The OEHHA had already conducted public hearings on acrylamide prior to Lockyer filing his lawsuit. The state is considering three possible regulatory approaches to acrylamide: One, allowing a general warning to be posted; Two, raising the danger threshold for acrylamide first established in 1990, which would have the effect of excluding some foods from a warning requirement; Three, removing a warning requirement for breads and cereals. OEHHA’s Hirsch notes that no timetable for a decision has been established.
He points out that California has used the grocery store posting option for retailers of fish, who must display signs giving consumers detailed information about mercury levels in various fish products.
Federal pre-emption
Even those relatively moderate options—not to mention any potential stiffer court action mandated in the Lockyer case—would go out the window if Congress passes the National Uniformity for Food Act.
Last April, California’s two Democratic senators, Dianne Feinstein and Barbara Boxer, recruited seven other Democrats to sign a “Dear Colleague” letter urging other senators not to sign on as co-sponsors to a Senate version of the House bill.
They argued the bill is a direct attack on Prop. 65, but threatens other state laws such as ones in Illinois and Pennsylvania regulating the safety of eggs; laws in California, Florida, and Louisiana requiring warning labels on shellfish; regulation for smoked fish in Wisconsin and Michigan; and laws in Maryland requiring the labels disclose if fresh food was previously frozen and thus should not be refrozen.

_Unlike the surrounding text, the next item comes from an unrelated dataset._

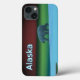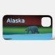 Um urso polar vagueia o gelo durante a longa noite polar; o Norte brilha em vermelho e verde à distância. A leitura de texto "Alaska" em azul e branco brilhantes também é exibida.
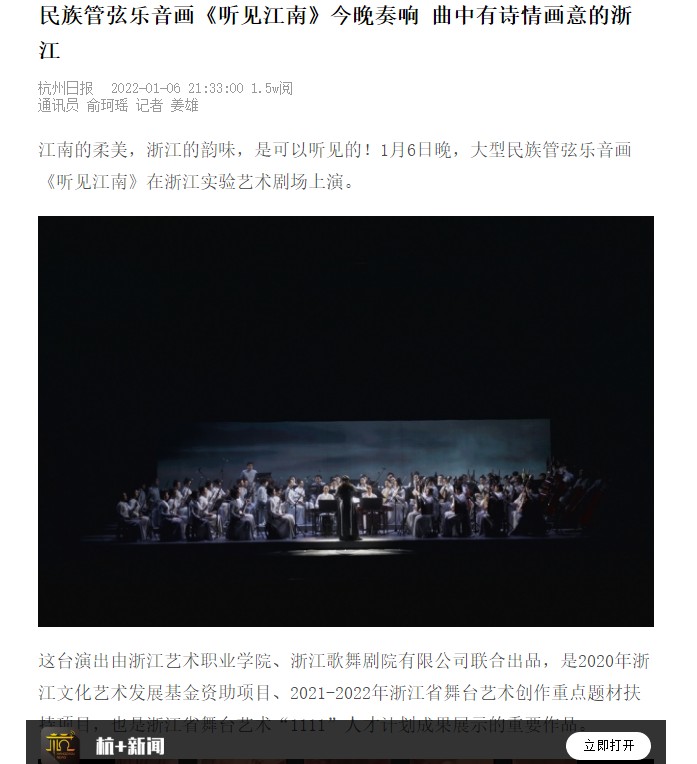 杭州日报:民族管弦乐音画《听见江南》今晚奏响 曲中有诗情画意的浙江

But the Grocery Manufacturers of America (GMA), which is the chief proponent of the National Uniformity for Food Act, argues those state laws are contrary to Congress’s past insistence on national food rules. Susan Stout, vice president of federal affairs for the GMA, points to passage of the National Labeling and Education Act of 1990 that provides consumers with consistent national food standards include the Food Quality Protection Act of 1996, the Poultry Products Inspection Act, and the Meat Inspection Act.
FDA weighs in
More than a year ago, Lester Crawford, the FDA commissioner who left his post last fall, wrote a letter to Joan Denton, director of the California OEHHA, saying it was premature to set an acrylamide level in food. He noted that a number of international organizations had refused to indict acrylamide as a problem ingredient in food. Stout says Denton told Crawford “to go pound sand.”
The only substantive objection—beyond Feinsteins’s and Boxer’s objection on states rights’ grounds—raised against the bill came up in late 2004 just before the legislation slammed through the House Energy and Commerce Committee by a strong 30-15 bi-partisan vote. Then Democrats cited objections raised by the Assn. of Food and Drug Officials that the bill would hamstring state efforts to respond to a bioterrorism threat centered on a food-based toxin.
The legislation does have a provision granting states an “imminent hazard” exemption. But Democrats argued it was too unwieldy and time-consuming—a state law would have to be passed—to be worth anything.
Still, given the strong Democratic support for the bill in the House—the top Democrat on the Energy & Commerce Commitee, Rep. John Dingell (MI) backs it—Boxer and Feinstein will have their work cut out for them stopping the legislation in the Senate.